◆ **Exercise goal**:
The lines from the one holding "Zdjęcie: Kotki, Śpiące, Dwa, Koty, Świnka, Małe, Prosiaczek" to the final line of the listing below are to be duplicated exactly, with both ends included and pictures omitted.

◆ **Source data**:
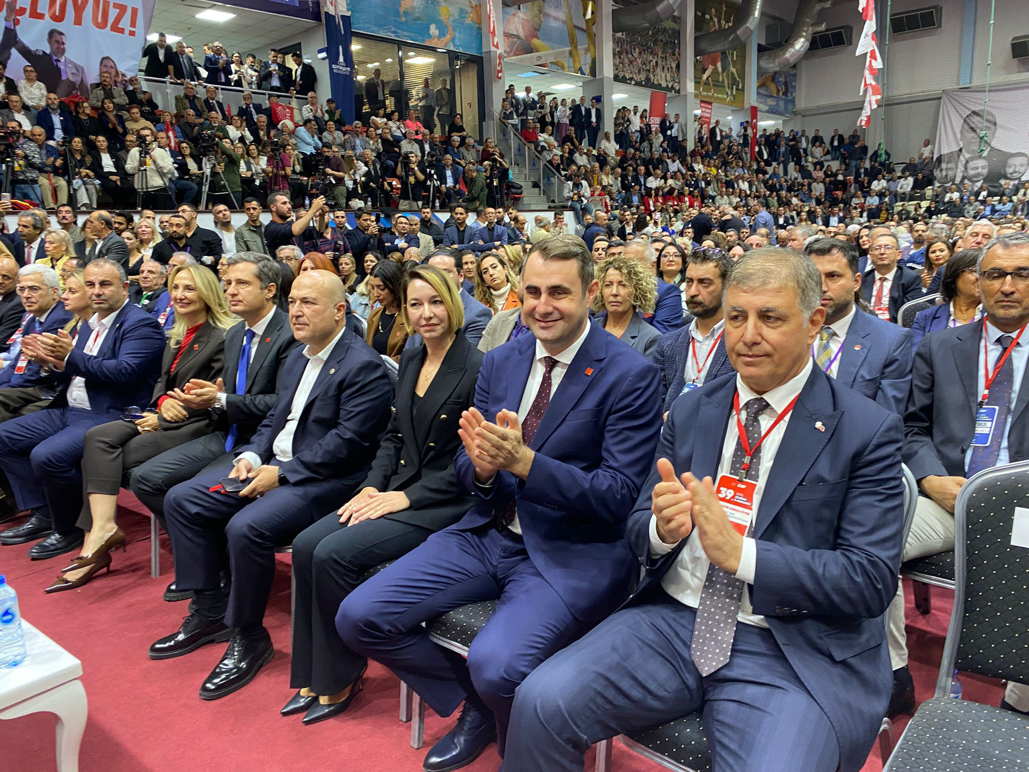 Celil Atik Spor Salonu CHP bayrakları ile donatıldı. Salon girişine CHP Genel Başkanı Özgür Özel, İzmir Büyükşehir Belediye Başkanı Cemil Tugay ve Çağatay Güç'ün el ele fotoğrafının yer aldığı dev bir poster asıldığı görüldü. Salonda Ekrem İmamoğlu'na özgürlük yazılı pankartlar da yer aldı.
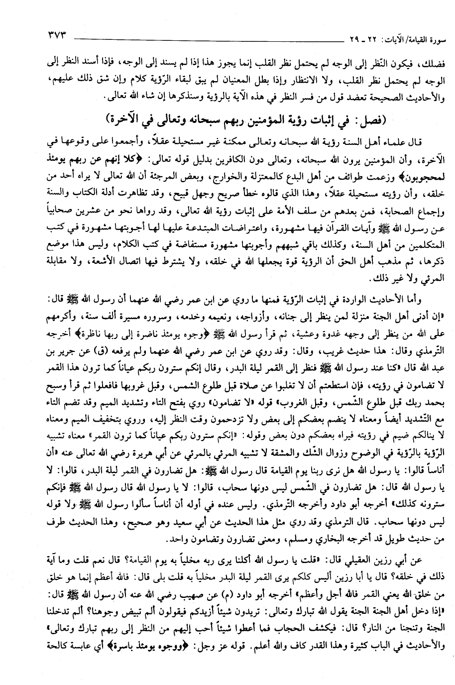 «إن أدنى أهل الجنة منزلة لمن ينظر إلى جنانه، وأزواجه، ونعيمه وخدمه، وسروره مسيرة ألف سنة، وأكرمهم على الله من ينظر إلى وجهه غدوة وعشية، ثم قرأ رسول الله صلّى الله عليه وسلّم وُجُوهٌ يَوْمَئِذٍ ناضِرَةٌ إِلى رَبِّها ناظِرَةٌ أخرجه التّرمذي وقال: هذا حديث غريب، وقال: وقد روي عن ابن عمر رضي الله عنهما ولم يرفعه (ق) عن جرير بن عبد الله قال «كنا عند رسول الله صلّى الله عليه وسلّم فنظر إلى القمر ليلة البدر، وقال إنكم سترون ربكم عيانا كما ترون هذا القمر لا تضامون في رؤيته، فإن استطعتم أن لا تغلبوا عن صلاة قبل طلوع الشمس، وقبل غروبها فافعلوا ثم قرأ وسبح بحمد ربك قبل طلوع الشّمس، وقبل الغروب» قوله «لا تضامون» روي بفتح التاء وتشديد الميم وقد تضم التاء مع التّشديد أيضا ومعناه لا ينضم بعضكم إلى بعض ولا تزدحمون وقت النظر إليه، وروي بتخفيف الميم ومعناه لا ينالكم ضيم في رؤيته فيراه بعضكم دون بعض وقوله: «إنكم سترون ربكم عيانا كما ترون القمر» معناه تشبيه الرّؤية بالرّؤية في الوضوح وزوال الشّك والمشقة لا تشبيه المرئي بالمرئي عن أبي هريرة رضي الله تعالى عنه «أن أناسا قالوا: يا رسول الله هل نرى ربنا يوم القيامة قال رسول الله صلّى الله عليه وسلّم: هل تضارون في القمر ليلة البدر، قالوا: لا يا رسول الله قال: هل تضارون في الشّمس ليس دونها سحاب، قالوا: لا يا رسول الله قال رسول الله صلّى الله عليه وسلّم فإنكم سترونه كذلك» أخرجه أبو داود وأخرجه التّرمذي. وليس عنده في أوله أن أناسا سألوا رسول الله صلّى الله عليه وسلّم ولا قوله ليس دونها سحاب. قال الترمذي وقد روي مثل هذا الحديث عن أبي سعيد وهو صحيح، وهذا الحديث طرف من حديث طويل قد أخرجه البخاري ومسلم، ومعنى تضارون وتضامون واحد.
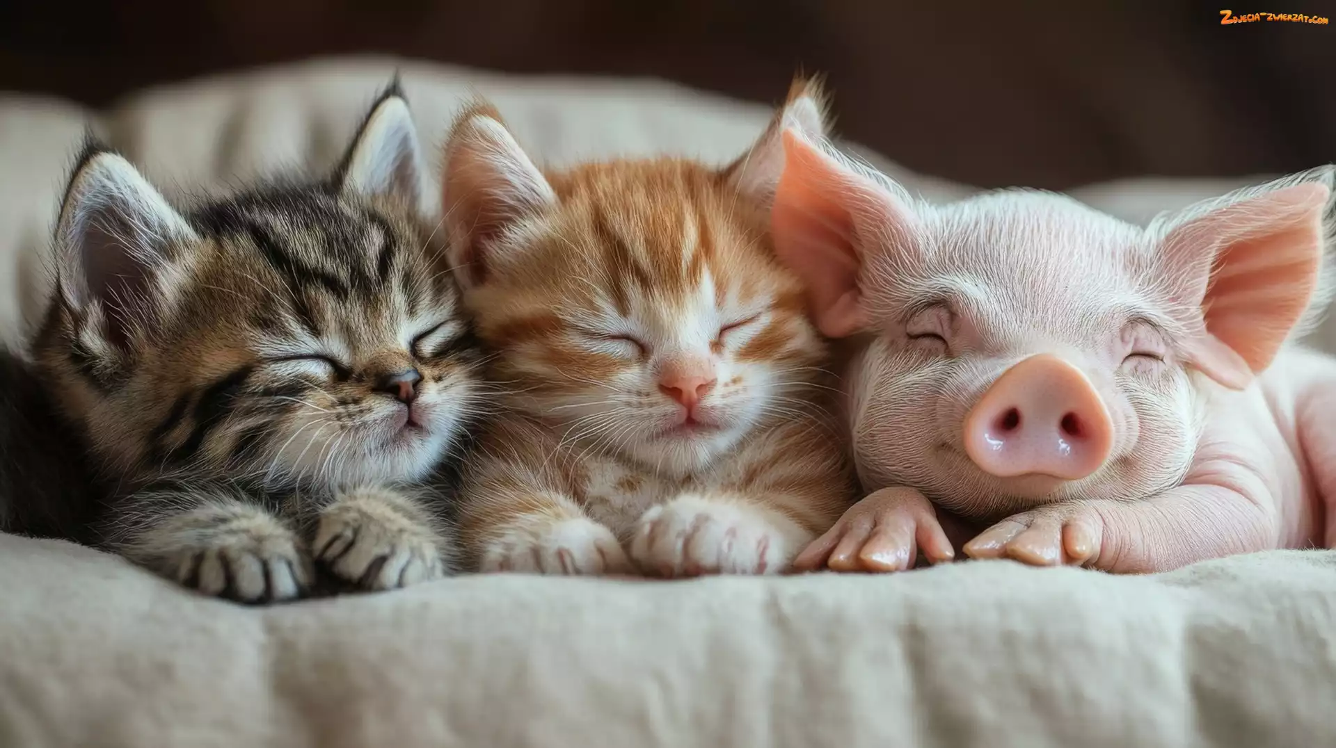 Zdjęcie: Kotki, Śpiące, Dwa, Koty, Świnka, Małe, Prosiaczek
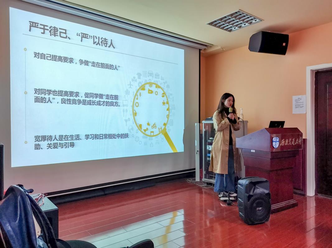 10月24日,AV大平台 本科2019级新生举行学生骨干培训会。会议由辅导员王丽霞主持,AV大平台 直属党支部副书记柯小君到场为同学们讲话。

◆ **Answer space**:
 Zdjęcie: Kotki, Śpiące, Dwa, Koty, Świnka, Małe, Prosiaczek
 10月24日,AV大平台 本科2019级新生举行学生骨干培训会。会议由辅导员王丽霞主持,AV大平台 直属党支部副书记柯小君到场为同学们讲话。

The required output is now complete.